Fig. 6: Resistance change over time due to recovery of hydrophobicity on different samples of standard (HTV) silicone rubber and nanotechnology-based materials.
Based on small-scale screening tests as well as reviewing available service experience relevant to Swedish conditions, 2 of these 7 coating materials were finally chosen for further testing. The coating with the higher rate of hydrophobicity recovery was referred to as RTV-1 and that with the lower rate of recovery was called RTV-2 (see Fig. 4) Small-scale tests also confirmed that surface condition as well as humidity and temperature are all important parameters during application of an RTV coating.
2. Full-Scale Tests
Pollution flashover performance is a key factor in any RTV coating application inasmuch as it governs dimensioning of an insulator under polluted conditions. Since IEC 60507 covers only glass and ceramic insulators, special pre-conditioning was applied according to recommendations in CIGRE TB 555. It was also agreed to test coated insulators after a specific recovery time of about 3 days. Pollution tests were performed on specimens of specially-prepared porcelain and RTV-coated post insulators with total length of about 1 m. The procedure for applying pollution to coated insulators was as follows:
• gentle cleaning;
• pre-conditioning by dry kaolin powder;
• application of the pollution layer by spraying (see 7).
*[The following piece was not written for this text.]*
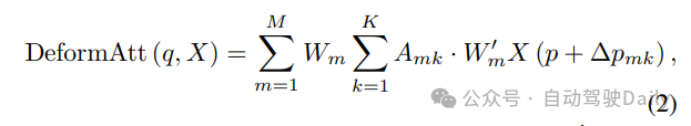 2D到3D的转换。受近期基于Transformer的多camera的3D感知方法的启发,将体素的3D参考点投影到2D相机上以聚合特征。具体来说,每个对应于查询的3D参考点,都根据给定的相机内参和外参投影到2D特征图上,并执行可变形交叉注意力(DeformAtt)来学习特征:

Fig. 7: Contamination of RTV-coated insulator by spraying using suspension prepared from water, kaolin and salt.
Pollution flashover testing saw the polluted and dried insulators moved into a climate test chamber and placed on porcelain post insulators of approximately 2 m height (see Fig. 8).
Fig. 8: Test set-up for pollution flashover voltage test.
These artificial pollution flashover tests were performed using the standard ‘up-and-down’ procedure and showed that coated insulators had significantly higher flashover voltage compared to bare porcelain (by 50%). For example, at a pollution level of
SDD=0.06 mg/cm2 (considered representative of site severity at Barsebäck), flashover voltage was more than 40% higher than for uncoated porcelain. Test results were finalized in the form of performance curves versus pollution stress (SDD) for different RTV coatings and uncoated porcelain. These can therefore be used for selecting required insulator lengths at Barsebäck and Ringhals Substations as well as for any other similarly polluted sites in Sweden.
Long-term ageing performance of selected RTV coatings was evaluated using the salt fog 1000 h tracking and erosion test. Since there is currently no standard to evaluate RTV coatings, the tracking and erosion test for composite insulators was selected based on similarity of surfaces (i.e. silicone rubber). As stated in this standard, the 1000 h test is not considered an accelerated ageing test since it does not exactly simulate real service conditions and does not provide acceleration factors to estimate service life. Rather, it relies on continuous stress to detect any potential weaknesses in material or design that could compromise long-term performance. According to the standard, insulators should be tested at a stress corresponding to a unified specific creepage distance (USCD) of 34.6 mm/kV.
Two sections were tested simultaneously by applying voltage in the middle of the insulator (see Fig. 9). Selected test voltage was 20 kV, resulting in actual stresses of 36.4 mm/kV at the upper portion and 34.5 mm/kV at the lower portion. Salinity of the water used for fog generation was 2 kg/m2 in accordance with the standard and also taking into account insulator dimensions (i.e. average diameter).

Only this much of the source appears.